Tuesday, January 19, 2016

80 Percent of Tajiks Fighting for ISIS Recruited While in Russia, Dushanbe Says

Paul Goble

            Staunton, January 19 – Dushanbe says that most of its citizens who are joining ISIS were recruited while working as gastarbeiters in Russia. Moscow denies this and points to domestic problems in Tajikistan. But neither the Tajik government nor the Russian one has an answer to the problem of how to respond to such people when they return home.

            Moscow has come up with a partial answer: it is banning many Central Asians from returning to Russia as gastarbeiters. Yesterday, Dushanbe said that the Russian authorities have put 333,931 Tajiks on a list of those who will not be admitted to Russia in the future (news.tj/ru/news/svyshe-333-tys-grazhdanam-tadzhikistana-doroga-v-rossiyu-zakazana).

            That may help Russia in the short term, but it makes the situation in Tajikistan even worse. Not only does this ensure that transfer payments on which Tajiks had been relying will not be reappearing anytime soon, but it likely increases recruiting opportunities for ISIS whose representatives will say  if you’re going to be treated like us, you should be with us.

            The role of Russian-based institutions in recruiting Tajiks is beyond question. Even Russian officials have admitted this, although they have tended to downplay that factor and also to accept official Dushanbe figures about how many Tajiks have gone to fight with ISIS forces in Syria.

            Dushanbe usually gives the figure of 700, of whom, it says, approximately 300 have already died, meaning that it faces the problem of the return of only about 400.  But others working on the question, Zinaida Burskaya of “Novaya gazeta” says put the figure at far more – perhaps 2500 to 3000, one equivalent to the number of ISIS fighters from the Russian Federation (novayagazeta.ru/society/71476.html).

            Even more worrisome are the figures she cites from Khudoberdi Kholiknazarov, the head of the Tajikistan Presidential Center for Strategic Research.  He says that “only 20 percent of Tajiks go [into ISIS] directly from Tajikistan. 80 percent of them do so via Russia. They are recruited there,” often at the Moscow mosque on Prospekt Mir.

            Khoknazarov concedes that the source of some of this problem lies within the borders of Tajikistan, including in the large number of illegal mosques and medrassahs opened over the last 15 years, often, he says, by the Party of the Islamic Rebirth of Tajikistan. And that is something  Dushanbe is now addressing.

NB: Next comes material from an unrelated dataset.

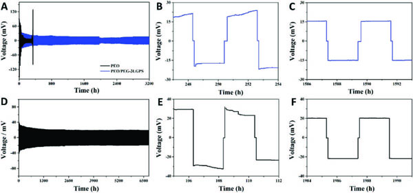 A)PEO(黑色线)和PEO/PEG-3LGPS(蓝色)作为电解质,在50℃下的恒定电流密度为0.5 mA cm-2的恒流循环。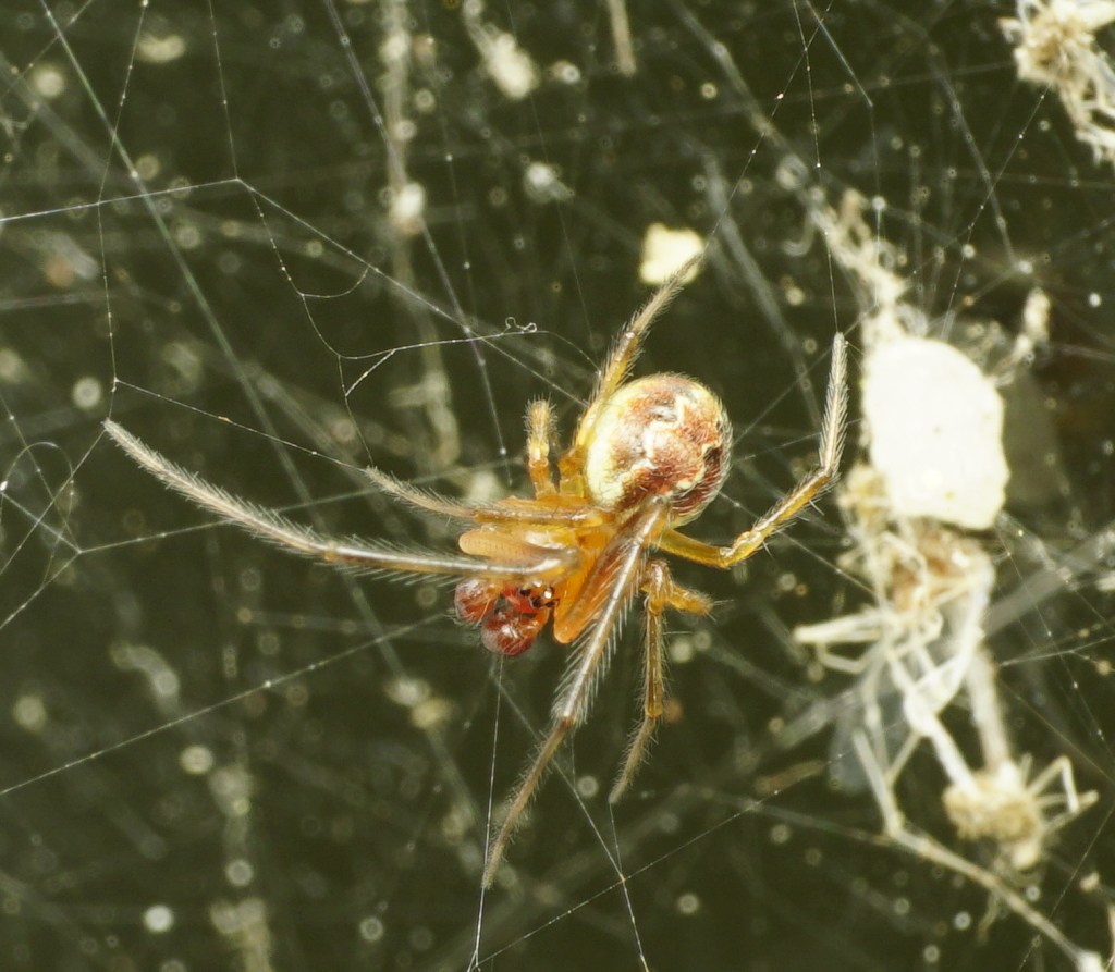 But first, spiders from right outside my front door. Shame on me for not noticing them earlier! This is Theridion. They can actually be social spiders, and there were multiple of them in this web.

            In 2010-2011, he says, the authorities closed down more than 70 medrassahs, and during the first six months of 2015, they shuttered “several hundred mosques.”  Moreover, the authorities have banned many Islamist traditions and now insist on approving the sermons delivered at the official mosques lest the wrong messages be sent.

            The authorities say that these actions are required by the need to struggle against terrorism, extremism and religious radicalism,” the “Novaya gazeta” journalist says. But “in truth, in practice, [such moves] often have exactly the opposite result,” driving people into underground mosques the authorities do not control.

            The Tajik government, Kholiknazarov says, recognizes that part of the problem is that ISIS finds it easy to recruit among Muslims who know little or nothing about their faith and thus are willing to defer to those who appear to know more.  Consequently, it is moving to reopen some of the Muslim training academies to prepare more mullahs.

            In Dushanbe now, there is an Islamic Institute and an Islamic gymnasium, and the 23 of the 26 medrassahs not working this year – apparently because they were shut down at government order – will resume their operations in the next academic year.

            Until there are enough schools at home, Koliknazarov says, the country will have to rely on mullahs trained abroad. He himself was trained in Pakistan. “The state doesn’t see any problems in this. But it is necessary that the state knows where and who is studying so that young citizens don’t fall in with terrorist organizations and sects.”

            But in the age of the Internet, Tajikistan’s supreme mufti, Saidmukkaram Abdulkolidzoda says, young people who want to find extremist methods are likely to be able to do so whatever the government does. Consequently, the struggle with ISIS will continue; and it is far from clear that either Tajikistan or Russia is winning.